YOUR OBJECTIVE - Please repeat the entire listing verbatim and keep the pictures out.

SOURCE DATA -
___

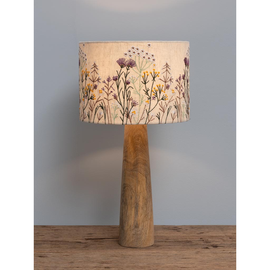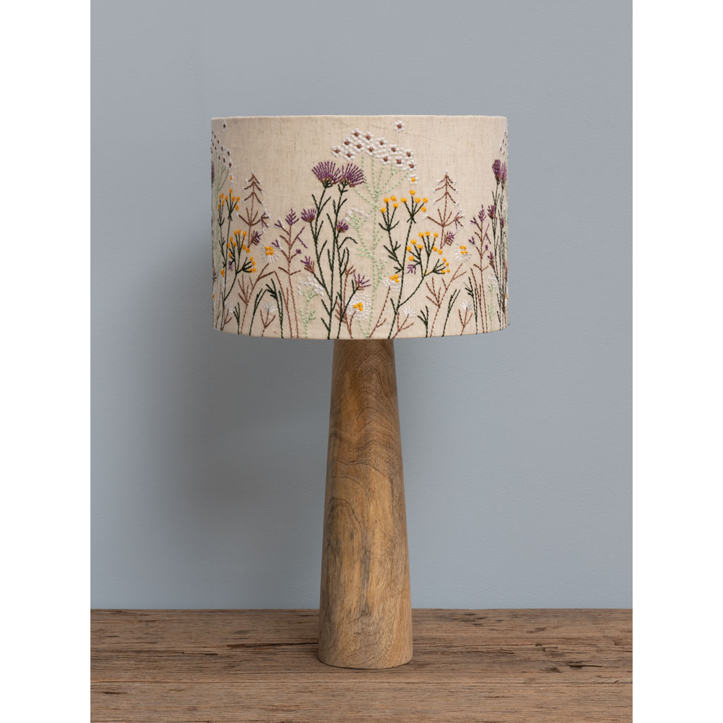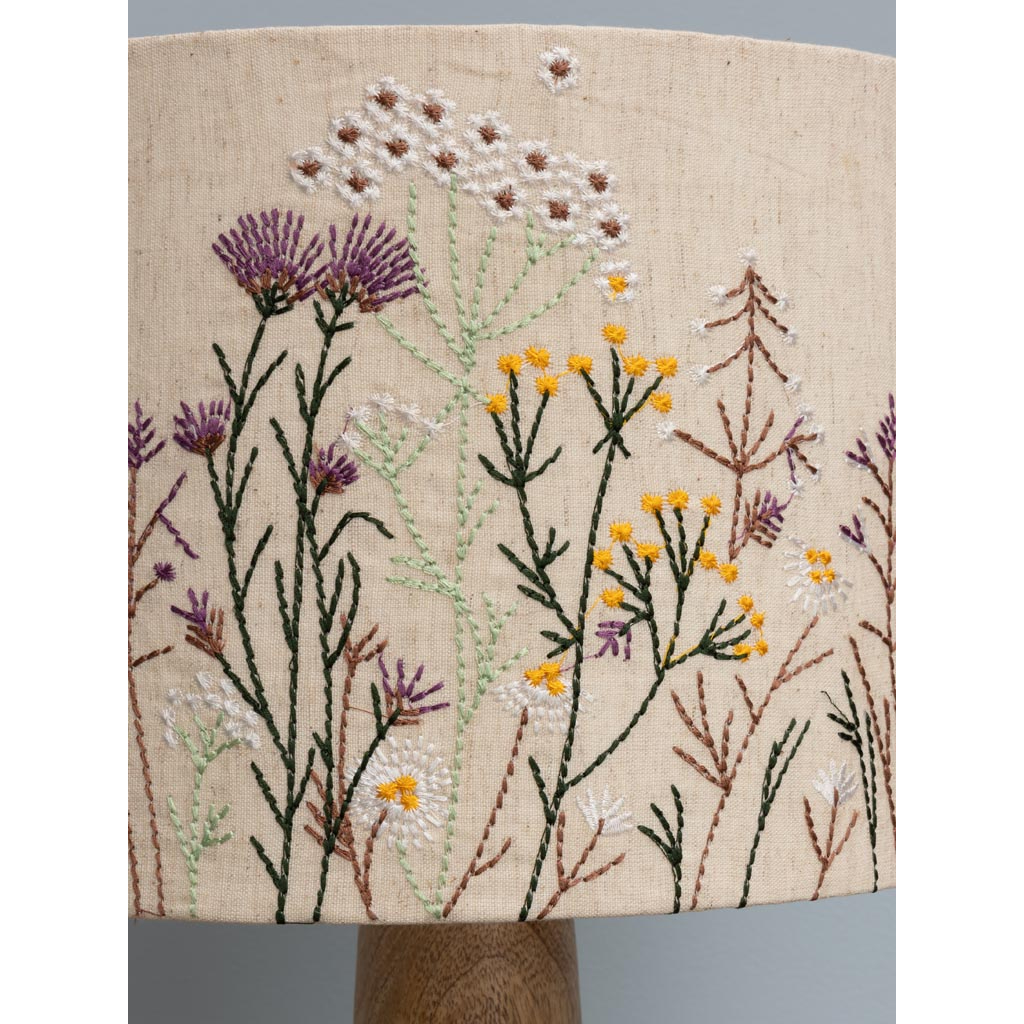Eπιτραπέζιο φωτιστικό από ξύλο μάνγκο σε φυσικό χρώμα, με βαμβακερό αμπαζούρ, κεντημένο με λουλούδια, σε μπεζ χρώμα
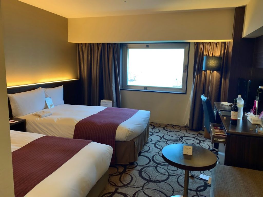 ANAクラウンプラザ釧路に到着し、チェックイン。ツインのシングルユースだが、よりステータスの高い部屋にアップグレードしてくれた。いい感じ。ちょっと気持ちが上向きに。
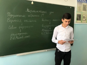 Сегодня в 11а классе учителем обществознания Бакаевым Ш.И. проведен традиционный урок парламентаризма на основе разработанных и подготовленных для проведения Единого урока материала.
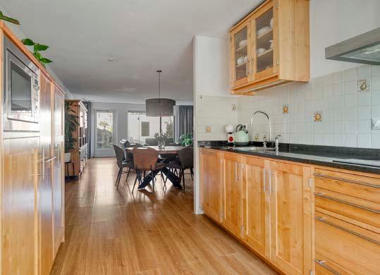 De open keuken bevindt zich aan de voorzijde van de woning en kan met recht een eyecatcher worden genoemd. De keuken is al goed uitgerust met een koel-/vriescombinatie, combimagnetron, 4-pits keramische kookplaat en een vaatwasser, maar er is ook voldoende ruimte om deze desgewenst te moderniseren of uit te breiden met jouw droomopstelling. Tijdens het koken kun je gezellig contact houden met je gasten in de woonkamer of zelfs een mooie blik werpen naar buiten.

___

OUTPUT OF THE EXERCISE -
Eπιτραπέζιο φωτιστικό από ξύλο μάνγκο σε φυσικό χρώμα, με βαμβακερό αμπαζούρ, κεντημένο με λουλούδια, σε μπεζ χρώμα
 ANAクラウンプラザ釧路に到着し、チェックイン。ツインのシングルユースだが、よりステータスの高い部屋にアップグレードしてくれた。いい感じ。ちょっと気持ちが上向きに。
 Сегодня в 11а классе учителем обществознания Бакаевым Ш.И. проведен традиционный урок парламентаризма на основе разработанных и подготовленных для проведения Единого урока материала.
 De open keuken bevindt zich aan de voorzijde van de woning en kan met recht een eyecatcher worden genoemd. De keuken is al goed uitgerust met een koel-/vriescombinatie, combimagnetron, 4-pits keramische kookplaat en een vaatwasser, maar er is ook voldoende ruimte om deze desgewenst te moderniseren of uit te breiden met jouw droomopstelling. Tijdens het koken kun je gezellig contact houden met je gasten in de woonkamer of zelfs een mooie blik werpen naar buiten.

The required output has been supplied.